Abstract
Important to successful navigation is accurate understanding of one's location relative to other objects within an environment. Past research has reliably revealed that observers are accurate in judging absolute distance in their environments, indicated through walking without vision to a previously viewed on-ground target, both under normal and degraded viewing conditions. However, less research has focused on perception of targets positioned off of the ground plane. This may be especially relevant for navigation under low vision, given the consequences of misperceiving target locations. We explored whether support for Gibson's ground theory (1950) would be found with degraded viewing as has been demonstrated with relative distance under normal viewing conditions (Meng & Sedgwick, 2001). In the current study, normally-sighted observers viewed white spherical targets placed on stands through goggles that severely reduced visual acuity and contrast sensitivity in one of two conditions.
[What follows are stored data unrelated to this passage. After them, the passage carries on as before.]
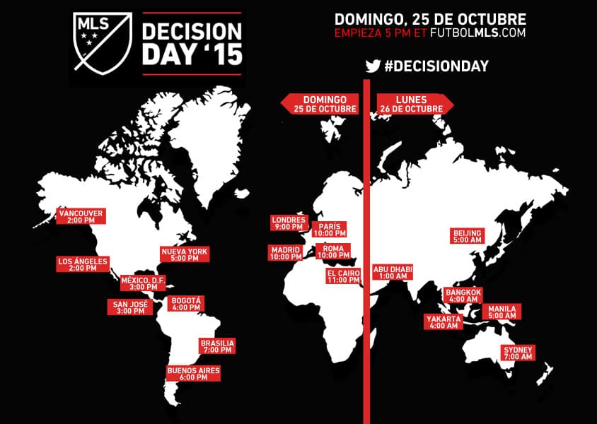 FutbolMLS.com será el destino ideal para complementar lo que veas por TV: estaremos ofreciendo los detalles minuto a minuto además de la más completa cobertura interactiva a través de @FutbolMLS y el Twitter Wall que encontrarán en la parte baja de nuestro homepage. Allí encontarán todo lo que los especialistas escriban sobre #DecisionDay.
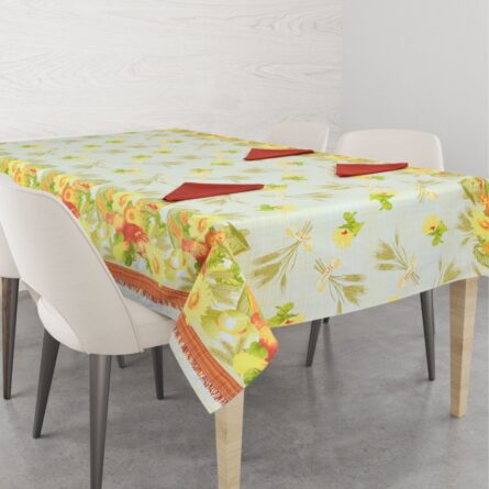 Eleganza e classe per la tua tavola con la tovaglia rettangolare in puro cotone panama stampata con tecnica digitale motivo piazzato.
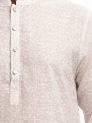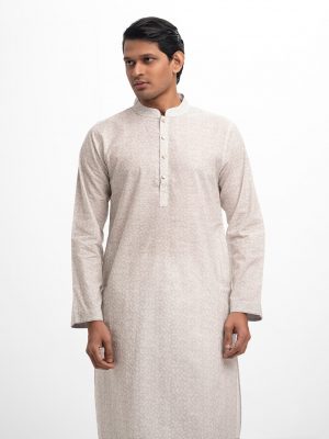 Beige Jacquard Cotton Semi Fit Panjabi
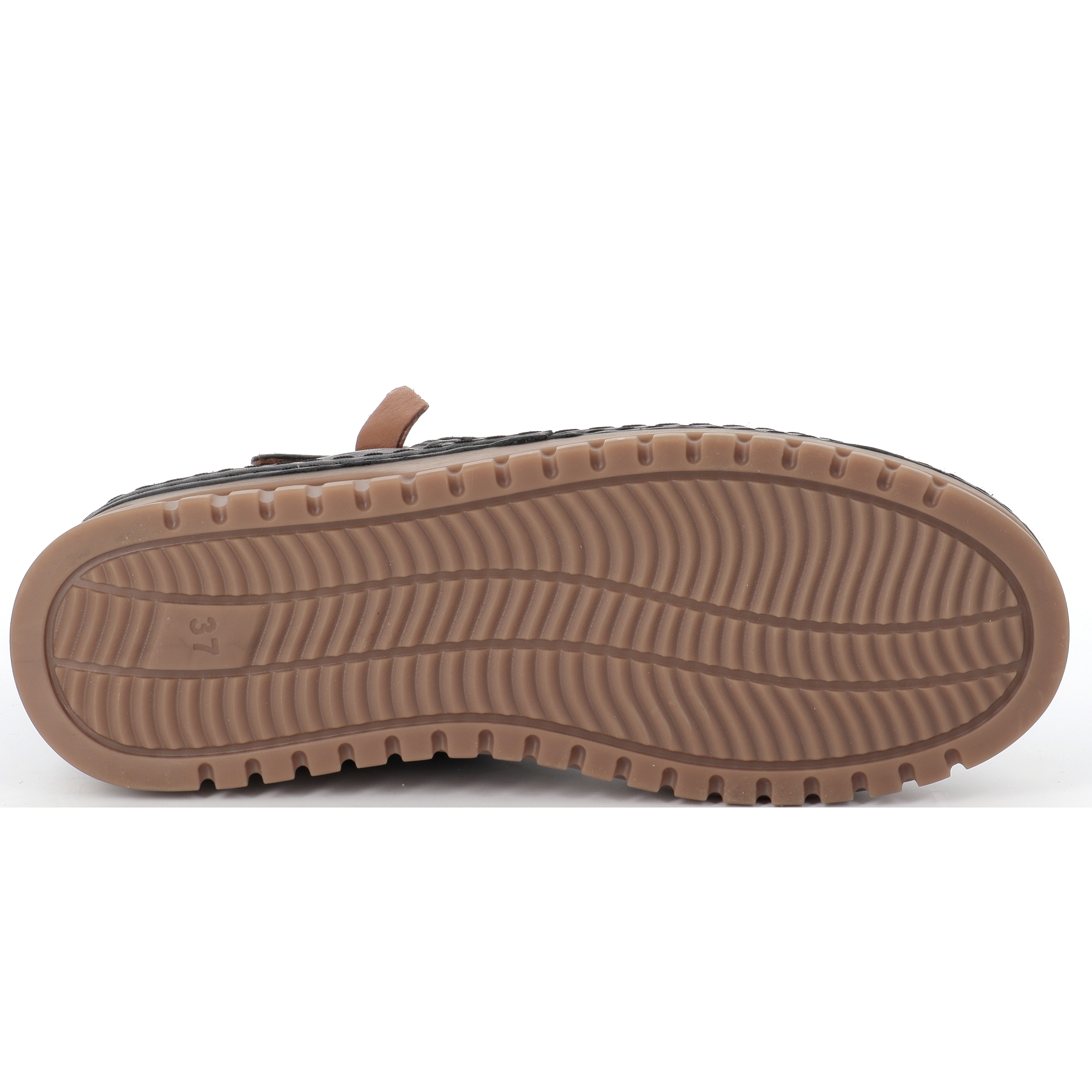 La semelle extèrieure légèrement crantée et intèrieure amovible.
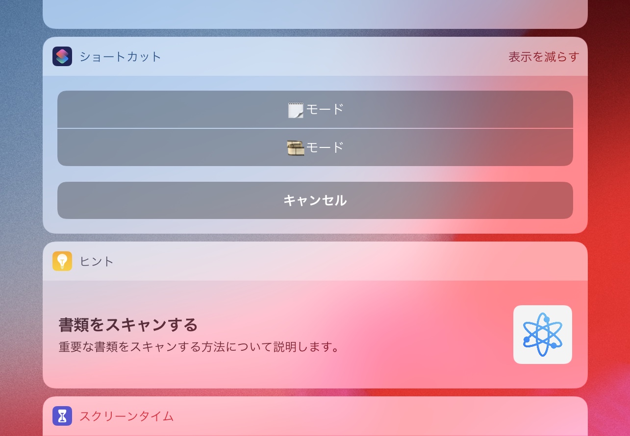 設定で「ウィジェットに追加」にしておくと、ホーム画面を右にスワイプして、このショートカットを呼び出せる。

In the high-visibility condition, targets were placed on a stand painted black, resulting in high contrast with the gray carpet. In the low-visibility condition, stands were painted gray, making them undetectable under low vision conditions. In two counterbalanced blocks, participants made size and absolute distance judgments to three different sized spheres (.203, .304, or .406 meter diameters) at three target distances (1.5, 2.7, and 4 meters). Participants in the high-visibility condition exhibited accurate distance judgments, whereas low-visibility condition participants drastically overestimated target distances. Similarly, the size of targets in the low-visibility condition was judged to be significantly larger than the size of targets in the high-visibility condition. To allow safe travel for those with low vision, these findings point to the importance of highlighting how potential hazards make contact with the ground plane so that hazards are not perceived as more distant than they are actually located.
This work was supported by NIH grant 1 R01 EY017835-01.